> _ABOUT THIS EXERCISE_: Set the data down exactly as it stands, and keep its pictures out.

> _MATERIAL SUPPLIED_:
——————

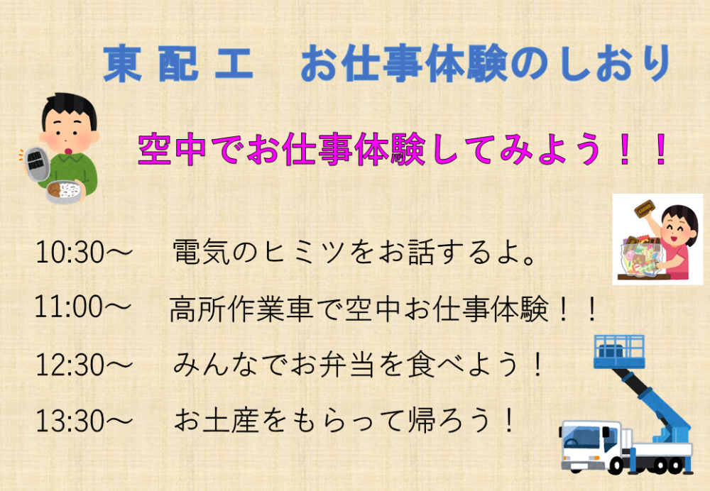 ⛔️チケットは参加されるお子さんと保護者の人数分の枚数を必ずお申し込み下さい ※お子さんが中学生以上の場合は保護者の参加は任意です ⛔️保険(追加費用なし)等の手続きに必要な個人情報を、後日メールにて収集いたします。そちらの回答をもって、正式に参加確定となりますのでご注意ください。 ------------------------------------------------------------------------- 【参加概要】 ◆日時:2025年11月29日(土)10:30~13:30(昼食時間含む) ◆対象年齢:小学1年生以上 ◆持ち物:運動靴(小雨決行時は雨合羽) ◆受付方法:「マイページ」から「申込冒険(体験)詳細」画面を開くと、ピンク色の「受付」ボタンが表示されます。その画面をスタッフにご提示ください https://bokenbank.florence.or.jp/stc/casemanage/appliedEntryList/typeA2 【当日の流れ】※イベントの順番は都合により変更される場合があります。 10:30 当日の案内・電気のお仕事紹介 11:00 高所作業車で空中体験&電気工事のお仕事体験 12:30 お弁当タイム 13:30 解散 【冒険の内容・おすすめポイント】 ⚡普段はなかなか乗れない、高所作業車に乗ってみよう! ビル4階ぐらいまで伸びる高所作業車で空中体験!家族みんな※で上空から街を眺めてみよう! ※合計重量150㎏まで(オペレーション担当者を含みます) ⚡電気工事作業で使用する、本物の電線やプロの工具に触れてみよう! 実際に電線を切ってみたりする体験コーナーもあるよ。 ぜったいに切れない手袋って知ってるかな?! ⚡電気に関する簡単な講習で学んでみよう! 映像を通して普段はなかなか見ることのない電気のお仕事を紹介するよ。 「電線のヒミツ」知ってるかな?! ⚡お昼にはお弁当もあります!みんなで一緒に食べよう! お土産にオリジナルグッズもプレゼント! ⛔️お願い⛔️ 以下にございます、お知らせ・特記事項 / お問い合わせ先 / 冒険(体験)場所詳細の欄も必ずご確認ください。 |
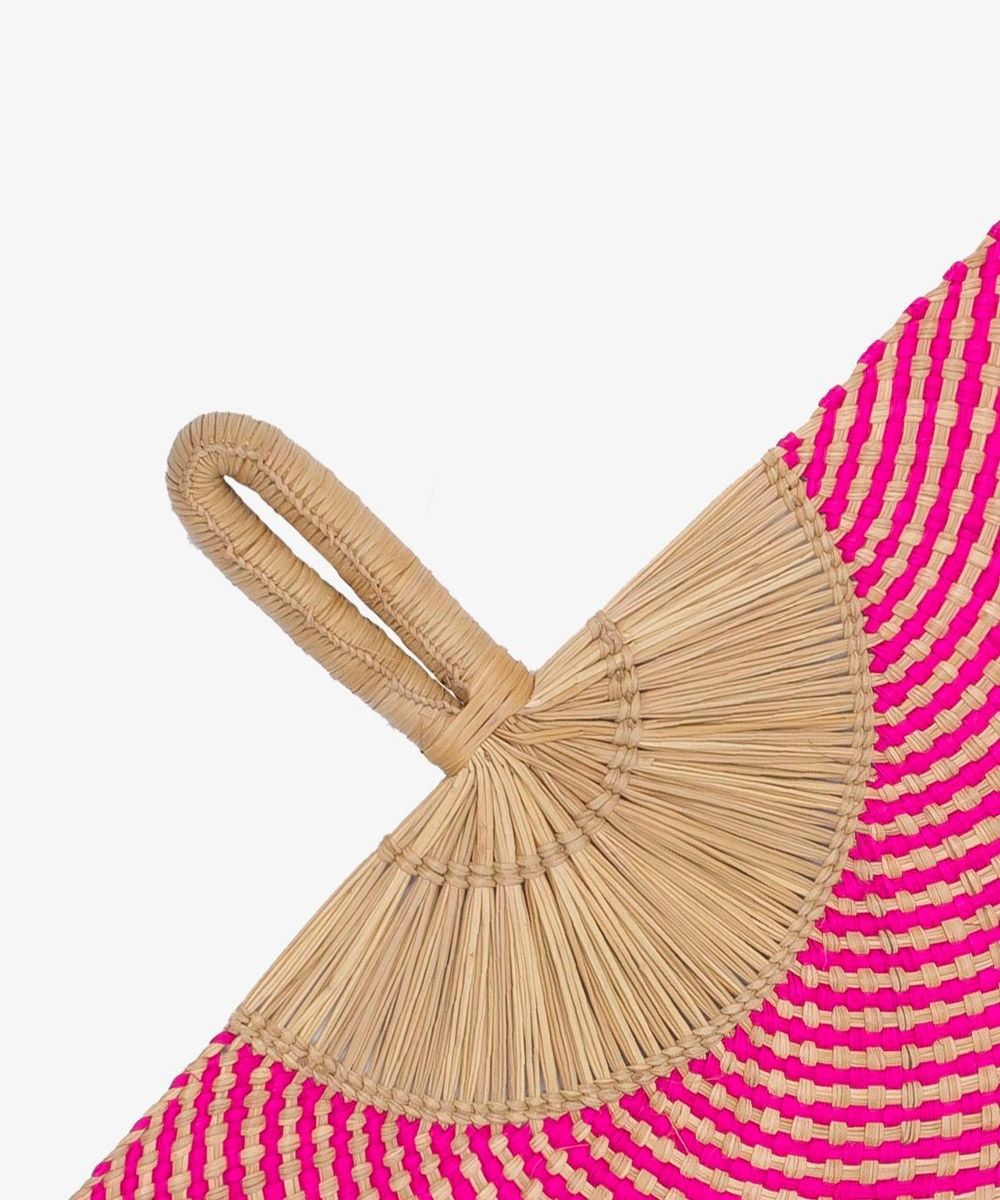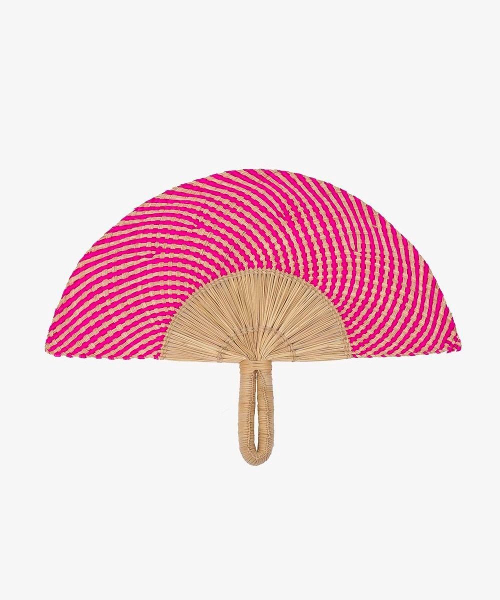 Nuestros abanicos están diseñados en exclusiva en Madrid y hechos a mano por artesanas en Colombia utilizando una técnica artesanal típica de la tradición colombiana: el tejido en iraca. Esta fibra natural proviene de la palma de iraca, una planta cuyas hojas son recolectadas y hervidas para obtener unos finos hilos, normalmente utilizados para tejer sombreros, cestos y otras artesanías. El proceso de tejido requiere de mucha dedicación y unas manos expertas que dan como resultado esta preciosa pieza de artesanía que te ayudará a afrontar los días más calurosos.
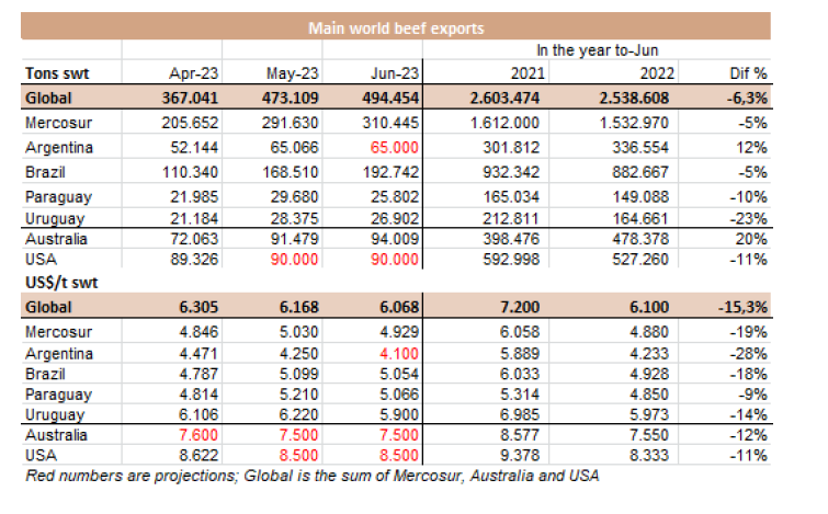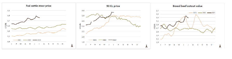 在2023年上半年,巴西出口了88.3萬噸牛肉,平均價值為每噸4928美元,年出口量下降了5.3%,平均價值下降了18.3%。豬肉和雞肉的出口每年分別增長15%和10%。
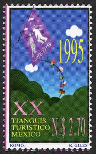 No. Scott: 1918 -- Año de Emisión: 1995 -- Valor Facial: N$ 2.70 -- Multicolor -- Perforación: 13 1/4 x 13 1/2 -- Tipo de Impresión: Offset Timbre Postal Mexicano multicolor, en la imagen se aprecia un paisaje surrealista, en la parte de abajo se observa una área montañosa y arriba un papalote volando, en la cola del papalote aparecen algunas banderas del mundo, sobre la estampilla está escrito "1995", "XX TIANGUIS TURÍSTICO MÉXICO, el valor facial de "N$ 2.70"y "ROMO, R. GILES". Para más información favor de dirigirse a biblioteca@mufi.org.mx
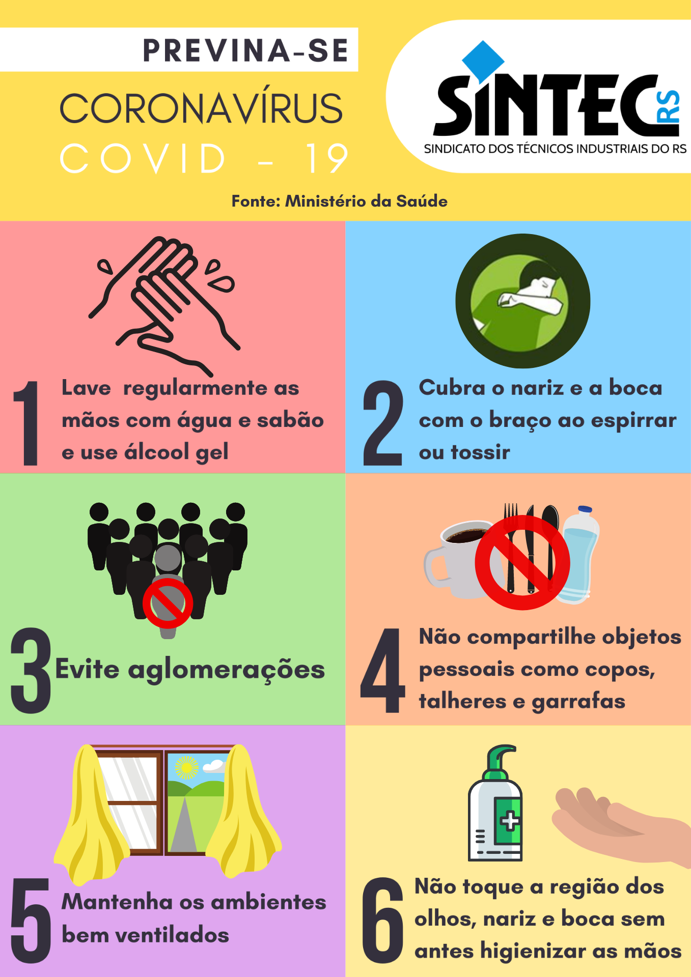 O SINTEC-RS está atento aos acontecimentos relacionados a pandemia do novo coronavírus e tem adotado medidas de contenção e prevenção contra a propagação do vírus.
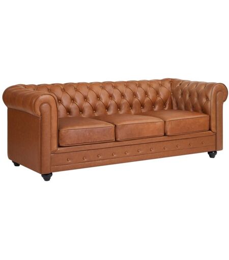 Unique - Divano 3 posti in Pelle di Vacchetta Cammello - chesterfield

——————

> _ANSWER FOR THE TASK_:
 ⛔️チケットは参加されるお子さんと保護者の人数分の枚数を必ずお申し込み下さい ※お子さんが中学生以上の場合は保護者の参加は任意です ⛔️保険(追加費用なし)等の手続きに必要な個人情報を、後日メールにて収集いたします。そちらの回答をもって、正式に参加確定となりますのでご注意ください。 ------------------------------------------------------------------------- 【参加概要】 ◆日時:2025年11月29日(土)10:30~13:30(昼食時間含む) ◆対象年齢:小学1年生以上 ◆持ち物:運動靴(小雨決行時は雨合羽) ◆受付方法:「マイページ」から「申込冒険(体験)詳細」画面を開くと、ピンク色の「受付」ボタンが表示されます。その画面をスタッフにご提示ください https://bokenbank.florence.or.jp/stc/casemanage/appliedEntryList/typeA2 【当日の流れ】※イベントの順番は都合により変更される場合があります。 10:30 当日の案内・電気のお仕事紹介 11:00 高所作業車で空中体験&電気工事のお仕事体験 12:30 お弁当タイム 13:30 解散 【冒険の内容・おすすめポイント】 ⚡普段はなかなか乗れない、高所作業車に乗ってみよう! ビル4階ぐらいまで伸びる高所作業車で空中体験!家族みんな※で上空から街を眺めてみよう! ※合計重量150㎏まで(オペレーション担当者を含みます) ⚡電気工事作業で使用する、本物の電線やプロの工具に触れてみよう! 実際に電線を切ってみたりする体験コーナーもあるよ。 ぜったいに切れない手袋って知ってるかな?! ⚡電気に関する簡単な講習で学んでみよう! 映像を通して普段はなかなか見ることのない電気のお仕事を紹介するよ。 「電線のヒミツ」知ってるかな?! ⚡お昼にはお弁当もあります!みんなで一緒に食べよう! お土産にオリジナルグッズもプレゼント! ⛔️お願い⛔️ 以下にございます、お知らせ・特記事項 / お問い合わせ先 / 冒険(体験)場所詳細の欄も必ずご確認ください。 |
 Nuestros abanicos están diseñados en exclusiva en Madrid y hechos a mano por artesanas en Colombia utilizando una técnica artesanal típica de la tradición colombiana: el tejido en iraca. Esta fibra natural proviene de la palma de iraca, una planta cuyas hojas son recolectadas y hervidas para obtener unos finos hilos, normalmente utilizados para tejer sombreros, cestos y otras artesanías. El proceso de tejido requiere de mucha dedicación y unas manos expertas que dan como resultado esta preciosa pieza de artesanía que te ayudará a afrontar los días más calurosos.
 在2023年上半年,巴西出口了88.3萬噸牛肉,平均價值為每噸4928美元,年出口量下降了5.3%,平均價值下降了18.3%。豬肉和雞肉的出口每年分別增長15%和10%。
 No. Scott: 1918 -- Año de Emisión: 1995 -- Valor Facial: N$ 2.70 -- Multicolor -- Perforación: 13 1/4 x 13 1/2 -- Tipo de Impresión: Offset Timbre Postal Mexicano multicolor, en la imagen se aprecia un paisaje surrealista, en la parte de abajo se observa una área montañosa y arriba un papalote volando, en la cola del papalote aparecen algunas banderas del mundo, sobre la estampilla está escrito "1995", "XX TIANGUIS TURÍSTICO MÉXICO, el valor facial de "N$ 2.70"y "ROMO, R. GILES". Para más información favor de dirigirse a biblioteca@mufi.org.mx
 O SINTEC-RS está atento aos acontecimentos relacionados a pandemia do novo coronavírus e tem adotado medidas de contenção e prevenção contra a propagação do vírus.
 Unique - Divano 3 posti in Pelle di Vacchetta Cammello - chesterfield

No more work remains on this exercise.